Project description:1. Mitochondrial and microsomal fractions were prepared from rat parotid glands. Both fractions were able to take up (45)Ca. The mitochondrial (45)Ca-uptake system could be driven by ATP (energy-coupled Ca(2+) uptake) or by ADP+succinate (respiration-coupled Ca(2+) uptake). Energy-coupled Ca(2+) uptake was blocked by oligomycin but not by carbonyl cyanide m-chlorophenylhydrazone; respiration-coupled Ca(2+) uptake was blocked by carbonyl cyanide m-chlorophenylhydrazone but not by oligomycin. Microsomal Ca(2+) uptake was dependent on the presence of ATP; the ATP-dependent Ca(2+) uptake was not affected by oligomycin or carbonyl cyanide m-chlorophenylhydrazone. Ca(2+) uptake by both fractions was inhibited by Ni(2+). 2. Incubation of parotid pieces with adrenaline increased the rate of release of amylase and the uptake of (45)Ca.

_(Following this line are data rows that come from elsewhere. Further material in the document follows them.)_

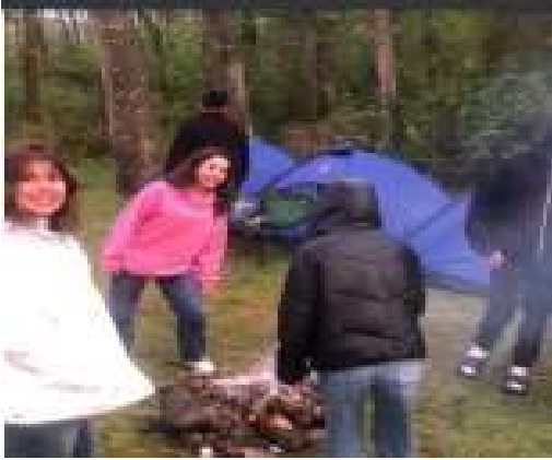
Sinop Kamp Etkinliđi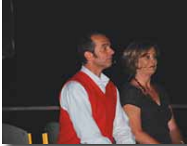
Spectacles de rentrée, samedi 6 septembre.

Retour en images sur des événements qui se sont déroulés sur la commune ces dernières semaines.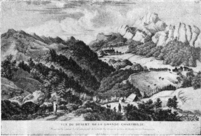
Vieille gravure représentant à la fois la Correrie et la Grande Chartreuse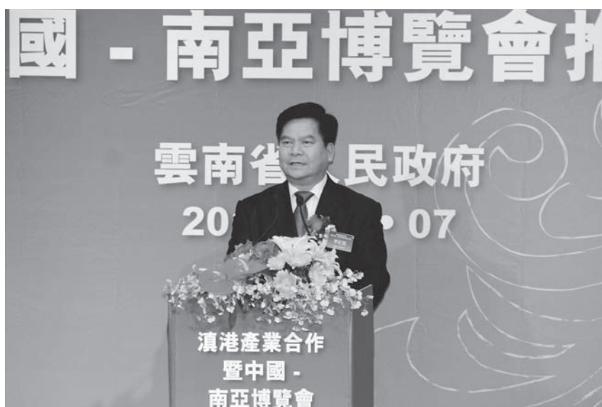
■ 6月6日首屆中國—南亞博覽會的召開，既是橋頭堡建設全面啟動三年的標誌，又是中國區域經濟合作的重要里程碑。圖為雲南省省長李紀恒在滇港產業合作暨中國—南亞博覽會推介會上發表主旨演講。

十 美麗 ：雲南通過大力實施七彩雲南保護行動，努力成為中國自然環境最好、生態保護最好的省份之一。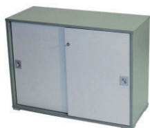
11 armadietto Fly Fly cabinet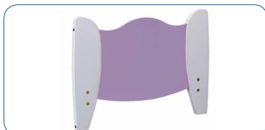
Panneaux adaptés à l'univers des enfants : Blanc/Kiwi ou Blanc/Parme

Faciliter les levés et les transferts lit-fauteuil grâce à la mise à plat du sommier à une hauteur de 300 mm.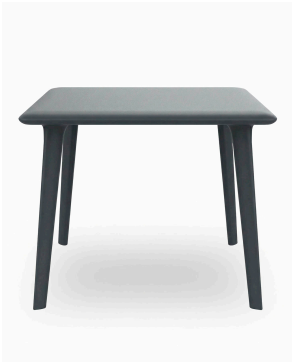
Table New Dessa 90x90 Gris Foncé 03944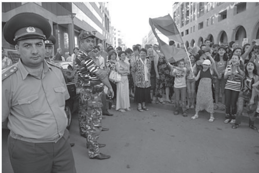
Фото 6. Демонстрации и политические гуляния на Северном проспекте. Май-июнь 2008 г.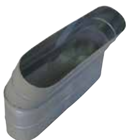
Coude Vertical Oblong 30°

Le coude vertical oblong 30° permet de changer la direction d'un réseau oblong de 30°.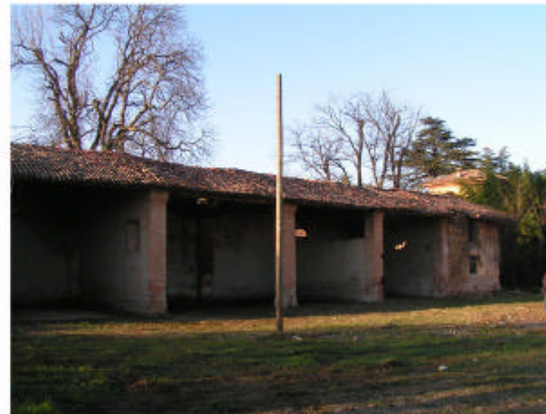
11. Edificio 3. Fronte est

The adrenaline-stimulated release of amylase was not dependent on the presence of extracellular Ca(2+). 3. The effect of adrenaline on the subcellular distribution of (45)Ca in parotid pieces incubated with (45)Ca was studied. In parotid tissue incubated with (45)Ca, both mitochondrial and microsomal fractions contained (45)Ca. Incubation with adrenaline increased the amount of (45)Ca incorporated into the mitochondrial fraction but not the microsomal fraction. In parotid tissue preloaded with (45)Ca subsequent incubation with adrenaline caused a decrease in the amount of (45)Ca found in both the mitochondrial and microsomal fractions. 4. From these data we conclude that the regulation of the cytosolic Ca(2+) concentration in the parotid may involve both mitochondrial and microsomal Ca(2+)-uptake systems. We suggest that the action of adrenaline on the parotid may be to increase the movement of Ca(2+) to the cytosol by increasing the flux of Ca(2+) across mitochondrial, microsomal and plasma membranes.